«Tutti in pericolo ma i nostri militari meno a rischio»

«La missione in Afghanistan non è compromessa. L’obiettivo principale era restituire il Paese agli afghani e loro sono ormai in procinto di tornare a essere padroni del proprio futuro. Certo l’ideale era farlo in un clima di cooperazione armonica. Oggi questo clima non c’è più, ma la missione va comunque considerata riuscita e in via di completamente».
Il generale Vincenzo Camporini, 66 anni, ha ricoperto il ruolo di Capo di stato maggiore delle nostre Forze armate dal 2008 al 2011. In quel periodo s’introdussero in Afghanistan le correzioni strategiche che dovevano sanare gli errori del passato. La terribile strage di afghani messa a segno domenica da un soldato statunitense solleva molti interrogativi sul futuro della missione. E qualcuno ricordando i 49 caduti italiani parla di vite sprecate.
«Quelle dei nostri caduti non sono assolutamente vite sprecate - ribatte il generale Camporini in questa intervista al Giornale - il nostro scopo non era occupare l’Afghanistan e nemmeno instaurare rapporti fraterni con tutta la società afghana. L’obiettivo era rimettere in piedi il Paese e trasformarlo in un interlocutore credibile della comunità internazionale. Da questo punto di vista la missione ha funzionato. Il deterioramento nei rapporti tra truppe straniere e popolazione afghana è un problema, ma non equivale a un insuccesso politico strategico».
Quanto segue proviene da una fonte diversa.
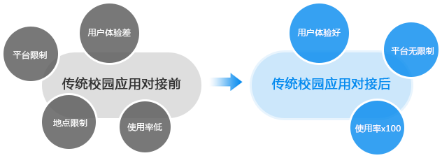 时代在进步,互联网每一天都在改变,传统互联网已经慢慢的退化、蜕变,而移动互联网由于他的便捷、没有时间和地点限制,已经成为了新的潮流。而传统学校的信息化建设都是以传统互联网为根本,目前已经不能够跟上时代潮流,也不能满足用户的使用需求。
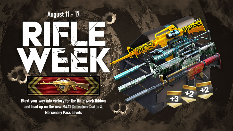 Attention Mercenaries, Load those rile and blast your into victory because Rifle Week is here! From August 11th to 17th, so grab those trusty, favorite, or whatever your rifle of choice may be. You'll need it if you're to take home the spoils!
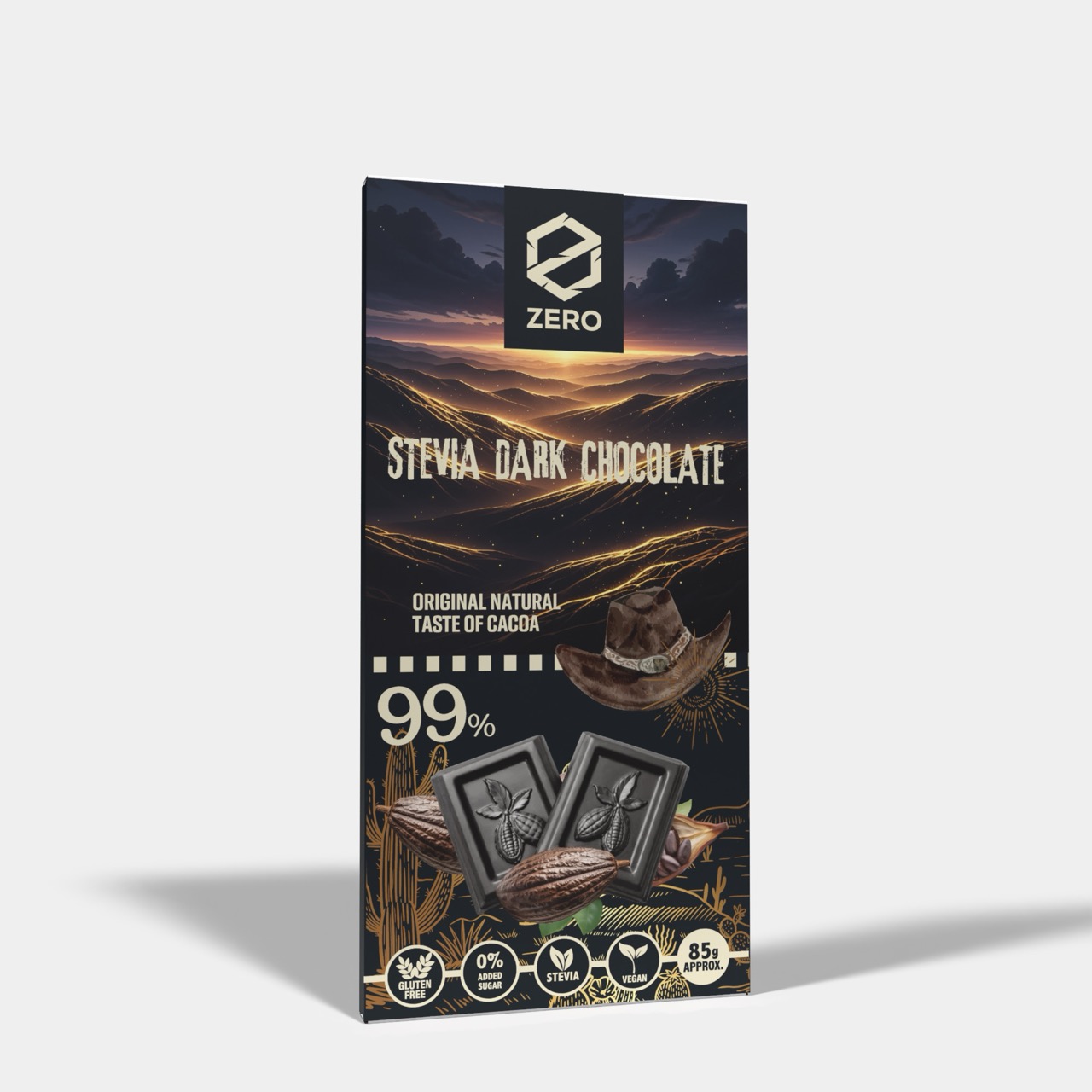 شوكولاتة داكنة ZERO 99% محلاة بـ”ستيفيا” (Stevia) وبدون سكر مضاف 85 جرام
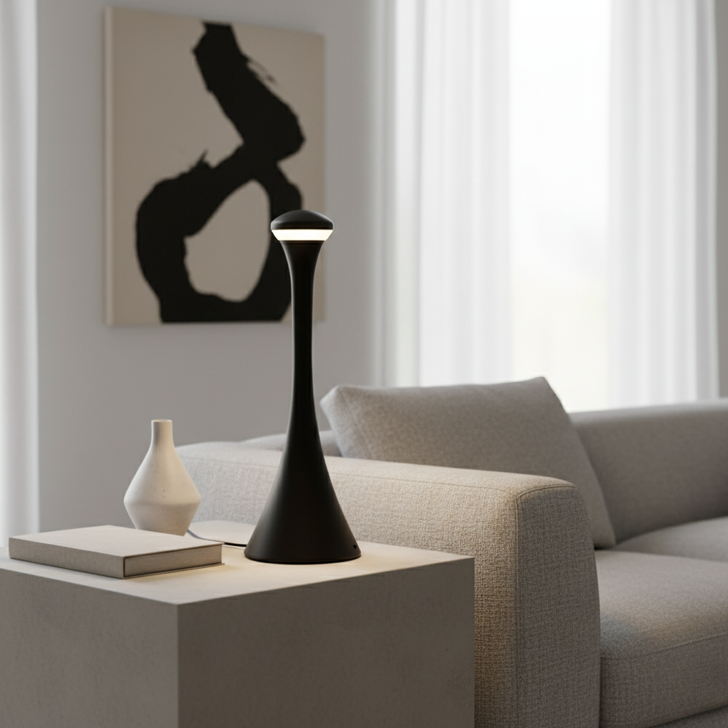 The Noctis Table Lamp embodies the perfect balance of elegance, innovation, and enduring craftsmanship. Sculpted from premium aluminum and metal, it offers a sleek, minimalist silhouette that enhances any modern interior. With intuitive touch control and three adjustable color temperatures—warm, white, and warm white—it adapts effortlessly to every mood and setting. Its high-capacity rechargeable lithium battery provides up to 20 hours of cordless illumination, ensuring lasting brilliance and freedom from clutter. Designed for comfort, sustainability, and style, the Noctis redefines modern lighting with quiet sophistication—where artistry meets technology, and every touch brings a new dimension of light to life.
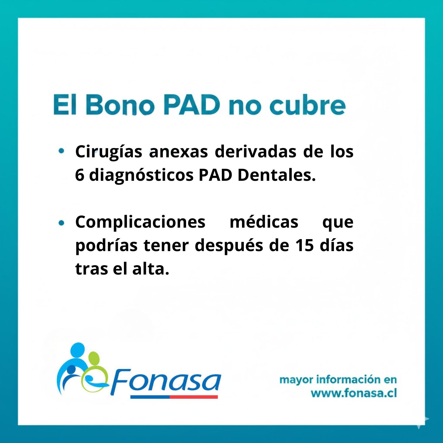 El Bono PAD Dental de Fonasa es un beneficio para afiliados (tramos B, C, D) y sus cargas entre 12 y 34 años que permite acceder a paquetes de tratamientos dentales (como obturaciones, endodoncias) con un precio fijo y conocido, agrupando diagnóstico, tratamiento y controles en un solo pago, lo que lo hace más accesible y transparente, pagando solo el copago en clínicas y centros médicos en convenio. Para usarlo, se compra el bono en la web de Fonasa o sucursales, se obtiene el programa de atención en el prestador y se entrega todo en la clínica para realizarse el tratamiento.
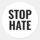 Stopp Hate, Schwarz-weiße minimalistische klassische Runde Sticker Gleichheit, Black Lives Matter, BLM, Stopp Gewalt gegen asiatische Menschen, Stopp Covid 19 Corona Virus Hassverbrechen Verbrechen
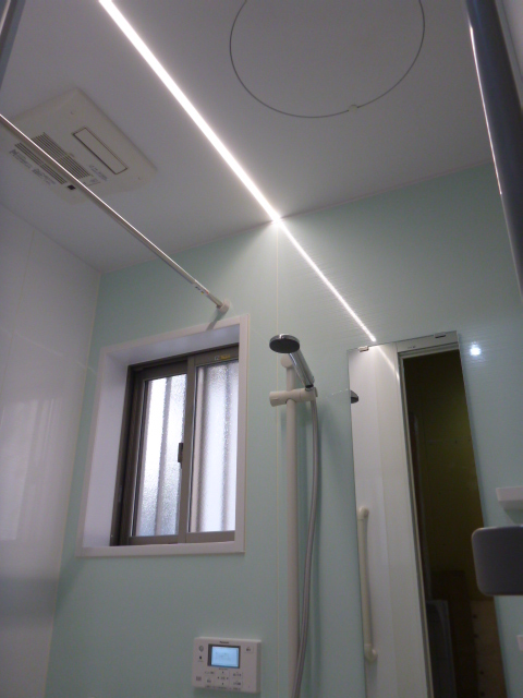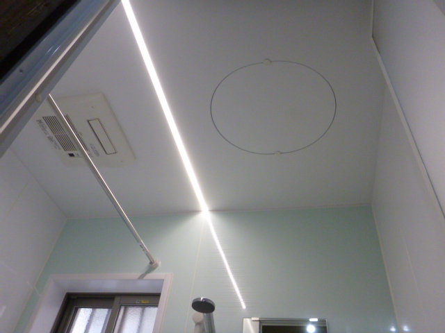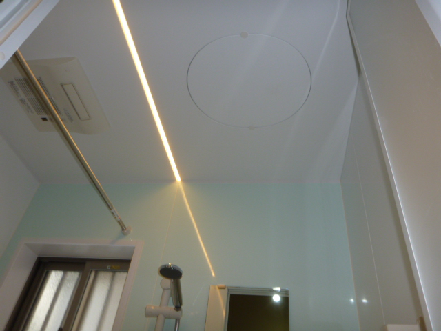 天井に埋め込まれた1本のラインが浴室を明るく照らします。

I nostri soldati ora sono più esposti?
«La missione è certamente più rischiosa perché ci possono essere reazioni anche da parte di singoli individui. Fortunatamente l’area di Herat è una delle zone con il tasso di violenza più basso e il nostro rapporto con le popolazioni locali è decisamente positivo».
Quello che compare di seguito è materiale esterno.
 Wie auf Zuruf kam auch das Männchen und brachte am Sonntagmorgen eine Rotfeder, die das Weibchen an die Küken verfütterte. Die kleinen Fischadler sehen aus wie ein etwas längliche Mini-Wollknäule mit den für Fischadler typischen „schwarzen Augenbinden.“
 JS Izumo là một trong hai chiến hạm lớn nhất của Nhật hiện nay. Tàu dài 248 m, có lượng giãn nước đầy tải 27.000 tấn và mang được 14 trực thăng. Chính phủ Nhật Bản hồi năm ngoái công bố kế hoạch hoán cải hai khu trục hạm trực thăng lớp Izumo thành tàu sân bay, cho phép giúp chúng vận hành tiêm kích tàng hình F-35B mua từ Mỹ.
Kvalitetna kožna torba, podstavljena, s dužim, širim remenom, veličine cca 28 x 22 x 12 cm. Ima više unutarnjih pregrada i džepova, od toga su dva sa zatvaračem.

Ma il Gulistan, Bakwa e Bala Murghab sono zone complesse...
«Sono ambienti molto isolati dove comunicare con la popolazione è decisamente difficile. Lì i rischi sono certamente maggiori».
Perché certe cose succedono sempre agli americani?
C’è un problema di selezione e di capacità di reclutamento. Gli Stati Uniti risentono sicuramente di un problema culturale. Da noi la cultura dell’uso della forza non è estremamente diffusa. In America non esiste questo freno. Da noi il diritto a possedere un’arma suona quasi come una bestemmia, lì è considerato un diritto fondamentale, una prerogativa costituzionale per la difesa delle libertà individuali».
Riusciranno a metterci una pezza?
«Sarà dura. Quest’uso della violenza fa perdere credibilità a tutta la missione. In America le stragi nelle scuole o sui posti di lavoro sono all’ordine del giorno, ma quando si trasferiscono al di fuori dei confini diventano un caso politico».
La Merkel esprime dubbi sul ritiro nel 2014. Perché?
«Forse vuol far capire che la Germania, come anche l’Italia, la Francia, l’Inghilterra, non abbandonerà il Paese allo scattare del 2014 e sarà comunque disponibile a fornire non solo aiuti operativi, ma anche consigli economico istituzionale».
La missione sembra ormai afflitta da inerzia strategica. Perché?
«La dottrina strategica disegnata dal generale McChrystal prima e da Petraeus resta immutata. Continua a basarsi su direttive molto stringenti, che però trovano applicazioni meno attente. Siamo di fronte a un problema di stanchezza operativa. Noi italiani ruotiamo le nostre truppe ogni sei mesi, i soldati statunitensi restano per periodi molto più lunghi e questo può incidere sulla capacità di resistere allo stress».
Per andarsene bisogna completare l’addestramento dell’esercito afghano.

A che punto siamo?
«Siamo ben oltre metà dell’opera. Ho dei dubbi sull’addestramento della polizia, ma siamo sulla strada giusta. Ci riusciremo se non vi sarà una frattura traumatica tra governo afghano e truppe straniere».